Genetic and Epigenetic Resistance of SL/Ni Mice to Lymphomas

Hayase Shisa 1, Yoshihiro Yamada 2, Atsuko Kawarai 1, Naoki Terada 2, Makoto Kawai 2, Hisanori Matsushiro 2, Hiroshi Hiai 2
PMCID: PMC5921086  PMID: 8613427

Abstract

The murine spontaneous B lymphoma is etiologically related to the expression of endogenous ecotropic marine leukemia virus (ETV). Although both SL/Kh and SL/Ni mouse strains show a high level of expression of ETV from early in life, the former is a pre‐B lymphoma‐prone strain and the latter is rather lymphoma‐resistant. In order to identify the host background difference related to the lymphomagenesis, we performed a genetic cross study between these two strains. In the reciprocal F1 generation, the length of the lymphoma latent period was slightly but significantly longer in (SL/Ni XSL/Kh)F1 than in (SL/Kh × SL/Ni)F1 (P<0.05). The incidence of overall lymphomas and that of acute pre‐B lymphomas was lower in (SL/Ni × SL/Kh)F1 than in (SL/Kh × SL/Ni)F1, although the difference was not statistically significant.

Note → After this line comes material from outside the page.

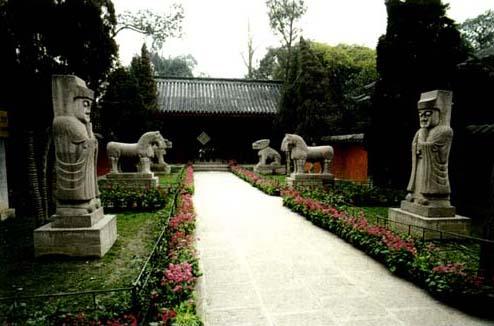 | 释义 | 武侯祠 诸葛亮(181年—234年)字孔明今山东沂南人是我国历史上卓越的政治家,军事家。三国时他任蜀国丞相,死后不少地方建有武侯祠祭祀他如陕西勉具武侯祠成都武侯祠。 成都武侯祠位于成都城南郊。丞相祠堂何处寻,锦官城外柏森森。”武侯祠为纪念三国蜀汉丞相诸葛亮而建。武侯祠最初与祀刘备的汉昭烈庙相邻并列。清康熙时(1672年)在昭烈殿后重建诸葛亮殿基本上形成了今天武侯祠前昭烈,后武侯这样的格局。武侯祠内青瓦红墙,殿宇宏伟,古柏葱郁恬静幽逸。1961年被列为全国重点文物保护单位。 走进武侯祠大门,古柏中矗立有数通石碑,其中著名三绝碑即蜀丞相诸葛武侯祠堂碑,立于武侯祠大门内东侧碑廊。唐元和四年(809)建由唐朝著名宰相裴度撰文著名书法家柳公绰(柳公权之兄)书写,名匠鲁建勒石上碑因文章书法、镌刻都出自名家,被后世称为三绝碑。 二门内是刘备殿。刘备殿正中供奉首3米高的蜀汉皇帝刘备的贴金泥塑坐像东西偏殿供奉著大将关羽、张飞等人,殿侧两廊各有文臣武将的彩绘泥塑坐像,阵容齐整,造型生动。自刘备殿经过厅至诸葛亮殿,殿内供祀著诸葛亮、诸葛瞻、诸葛尚祖孙三人的贴金泥塑坐像,以褒诸葛三代人的忠贞。 武侯祠内不见刘备之子刘禅的塑像。传说最初建汉昭烈庙时有刘禅的塑像置于刘备像侧。庙成之后一个夜晚,刘备显灵质问刘禅为何将江山失掉。刘禅答江山有何作用,有之十分辛苦,无它却轻松。刘备大怒,命武将将其逐出。从此汉昭烈庙内再无刘禅的塑像。代之以刘备其孙刘湛像。刘湛封北地王,当闻知魏军已兵临成都城下,其父刘禅准备开门请降时,刘湛先杀死自己的妻儿,然后至刘备的照烈庙恸哭自刎而亡。东西偏殿有关羽、张飞等人的塑像。殿前东西两廊分别为文臣武将廊,共塑28位,东廊文以庞统、西廊武以赵云为首。 刘备殿西侧的惠陵,向来传说为刘备与甘、吴夫人的合葬墓。但时至今日,怀疑此墓是否是刘备真墓者仍大有有在。刘备死在白帝城时正值初夏,当地一般气温都在30℃以上,且空气较为潮湿。按当时的条件,是不可能将刘备遗体完好地运回成都下葬的。“墓在成都论”及“墓在白帝城论”者双方各执一词。刘备墓封土高12米,墓墙周长180米,墓前有清乾隆年间立的“汉昭烈皇帝之陵”石碑一通。 武侯祠南侧是1984年成立的成都武侯博物馆,内有三国历史展览和三国文物陈列,现为诸葛亮与三国文化的资料中心和研究中心。

These observations indicate that an epigenetic maternal resistance mechanism of SL/Ni mice plays a role in the lymphoma resistance. Furthermore, in the backcross combinations without maternal influence of SL/Ni, we observed a genetic mechanism of lymphoma resistance: an SL/Ni‐derived recessive lymphoma‐resistance gene mapped in the proximal segment of Chr. 4. We named this gene nir‐1 (SL/Ni‐lymphoma resistance‐1). Thus, we have demonstrated epigenetic and genetic mechanisms of lymphoma resistance of the SL/Ni mouse with the high expression of endogenous ETV.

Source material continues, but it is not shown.